If you are in Whitehall now watching the Brexit farce or abroad looking at similar, you will see from page 26 HERE a checklist for how to manage complex government projects at world class levels (if you find this interesting then read the whole paper). I will elaborate on this. I am also thinking about a project to look at the intersection of (roughly) five fields in order to make large improvements in the quality of people, ideas, tools, and institutions that determine political/government decisions and performance:

  • the science of prediction across different fields (e.g early warning systems, the Tetlock/IARPA project showing dramatic performance improvements),
  • what we know about high performance (individual/team/organisation) in different fields (e.g China’s application of ‘systems management’ to government),
  • technology and tools (e.g Bret Victor’s work, Michael Nielsen’s work on cognitive technologies, work on human-AI ‘minotaur’ teams),
  • political/government decision making affecting millions of people and trillions of dollars (e.g WMD, health), and
  • communication (e.g crisis management, applied psychology).
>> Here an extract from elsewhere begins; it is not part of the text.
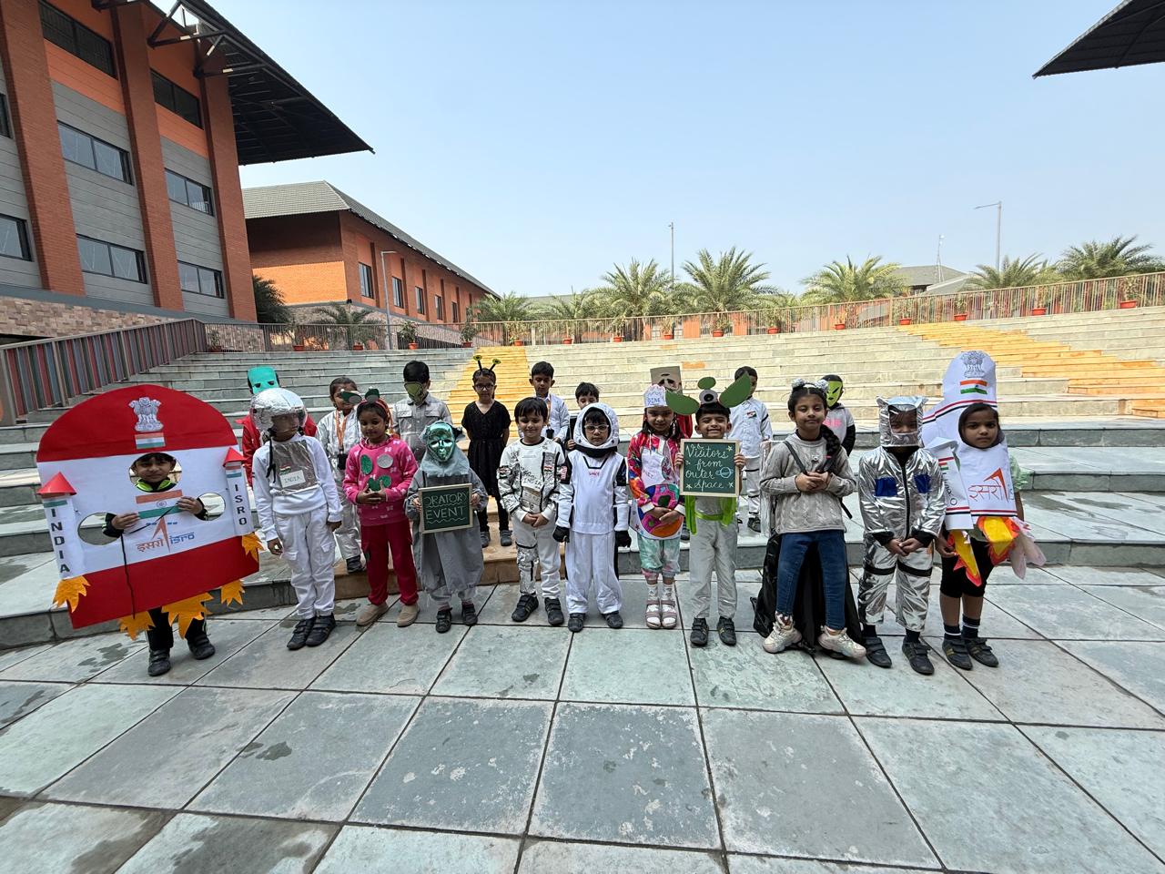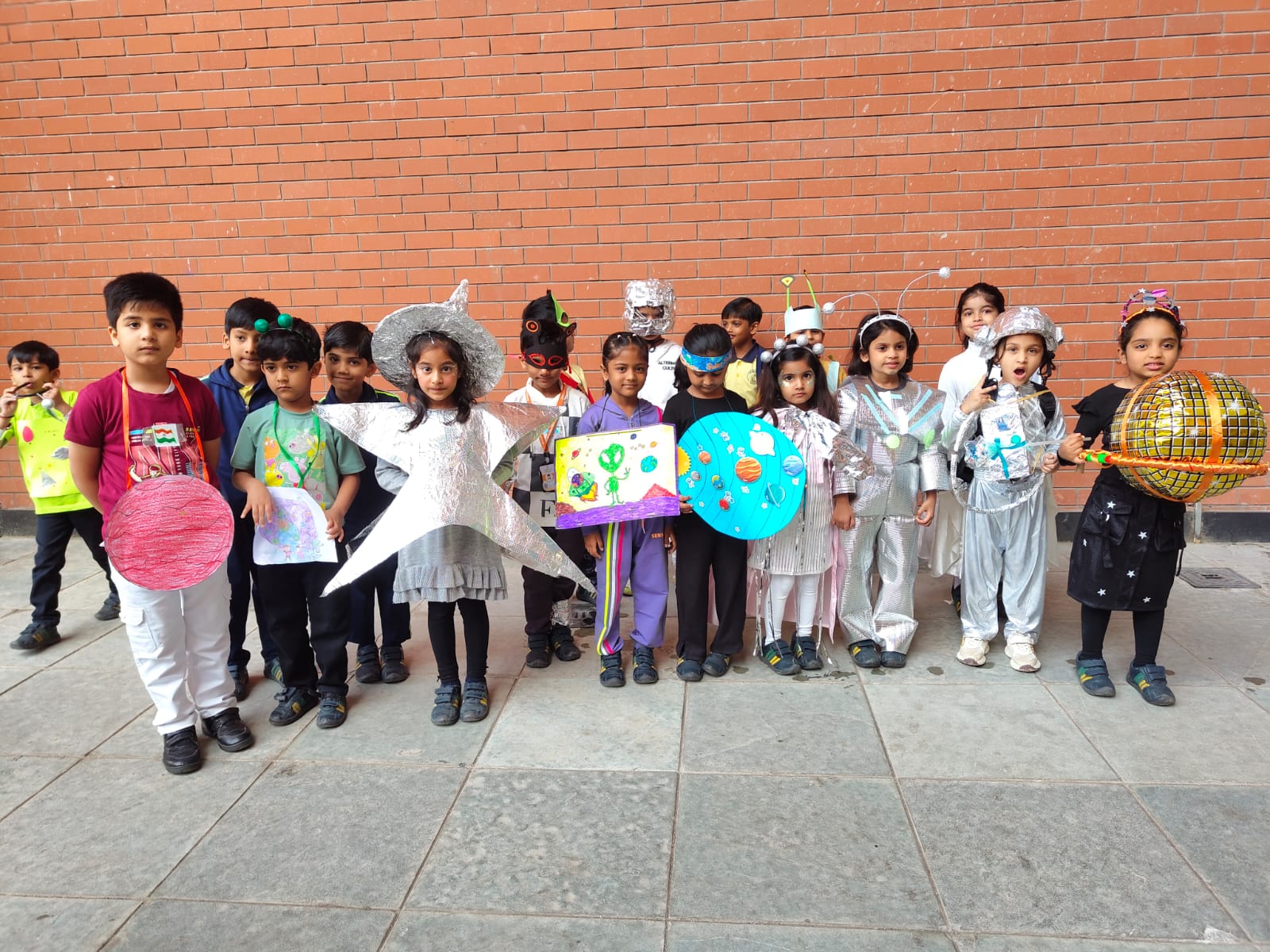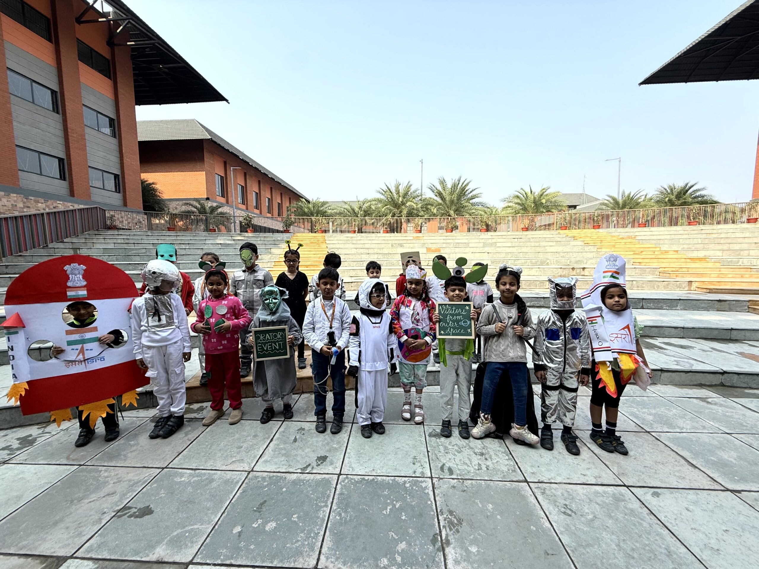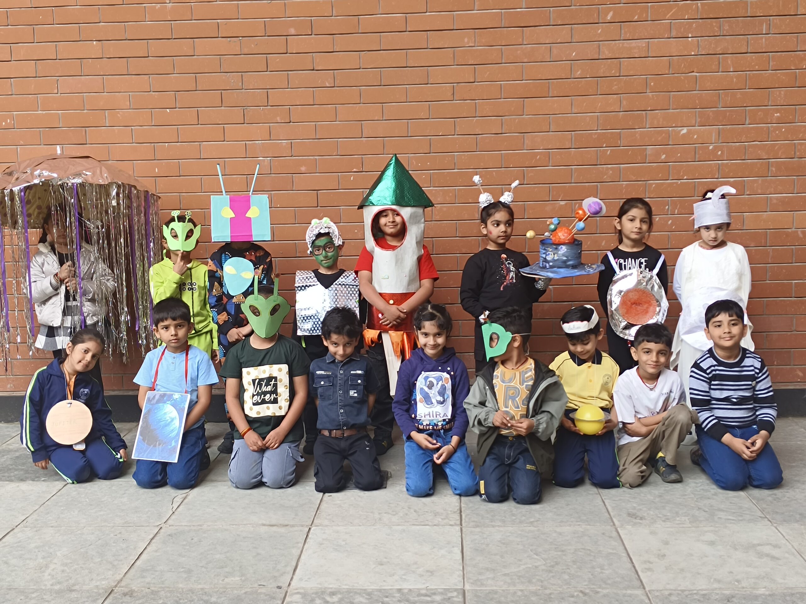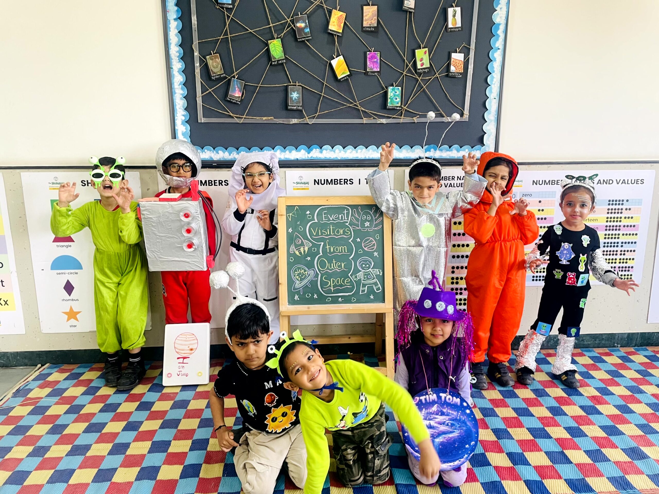 The ‘Visitors from Outer Space’ event was organized for Senior KG students as an extension of the lesson ‘Space and the Future’.

Progress requires attacking the ‘system of systems’ problem at the right ‘level’. Attacking the problems directly — let’s improve policy X and Y, let’s swap ‘incompetent’ A for ‘competent’ B — cannot touch the core problems, particularly the hardest meta-problem that government systems bitterly fight improvement. Solving the explicit surface problems of politics and government is best approached by a more general focus on applying abstract principles of effective action. We need to surround relatively specific problems with a more general approach. Attack at the right level will see specific solutions automatically ‘pop out’ of the system. One of the most powerful simplicities in all conflict (almost always unrecognised) is: ‘winning without fighting is the highest form of war’. If we approach the problem of government performance at the right level of generality then we have a chance to solve specific problems ‘without fighting’ — or, rather, without fighting nearly so much and the fighting will be more fruitful.

This is not a theoretical argument. If you look carefully at ancient texts and modern case studies, you see that applying a small number of very simple, powerful, but largely unrecognised principles (that are very hard for organisations to operationalise) can produce extremely surprising results.

How to jump from the Idea to Reality? More soon…


Ps. Just as I was about to hit publish on this, the DCMS Select Committee released their report on me. The sentence about the Singapore golf club at the top comes to mind.